● **Task description**:
Start to finish, print the data below exactly, without the images.

● **Given material**:
===============

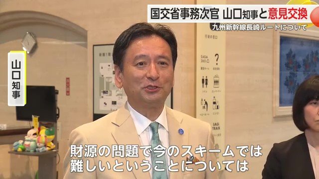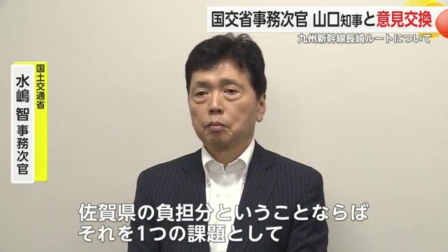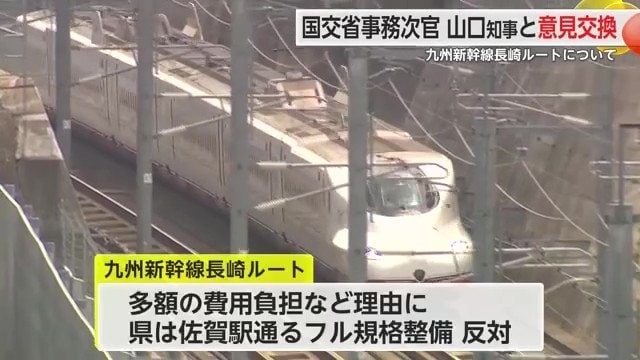 国交省の事務次官が佐賀県の山口知事と面談し、九州新幹線長崎ルートについて意見を交わした。事務次官は「佐賀県の負担分を課題としてテーブルの上に乗せてしっかりと議論していく必要がある」との考えを示した。
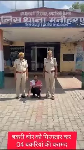 थाना #मनोहरपुर ने बकरी #चोर को गिरफ्तार कर कब्जे से चार बकरियां बरामद कर घटना में प्रयुक्त वाहन पिकअप गाडी को किया जप्त।
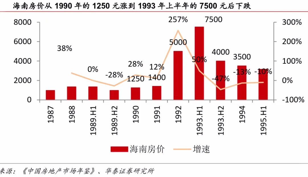 因房地产大热导致房价在两年内涨了两三倍,这在当时被认为是经济过热。而房地产大热阶段催生了一大批金融机构也蔚为奇观,有人说当时人口仅20万的海口,金融机构比人还多。

===============

● **Problem solution**:
 国交省の事務次官が佐賀県の山口知事と面談し、九州新幹線長崎ルートについて意見を交わした。事務次官は「佐賀県の負担分を課題としてテーブルの上に乗せてしっかりと議論していく必要がある」との考えを示した。
 थाना #मनोहरपुर ने बकरी #चोर को गिरफ्तार कर कब्जे से चार बकरियां बरामद कर घटना में प्रयुक्त वाहन पिकअप गाडी को किया जप्त।
 因房地产大热导致房价在两年内涨了两三倍,这在当时被认为是经济过热。而房地产大热阶段催生了一大批金融机构也蔚为奇观,有人说当时人口仅20万的海口,金融机构比人还多。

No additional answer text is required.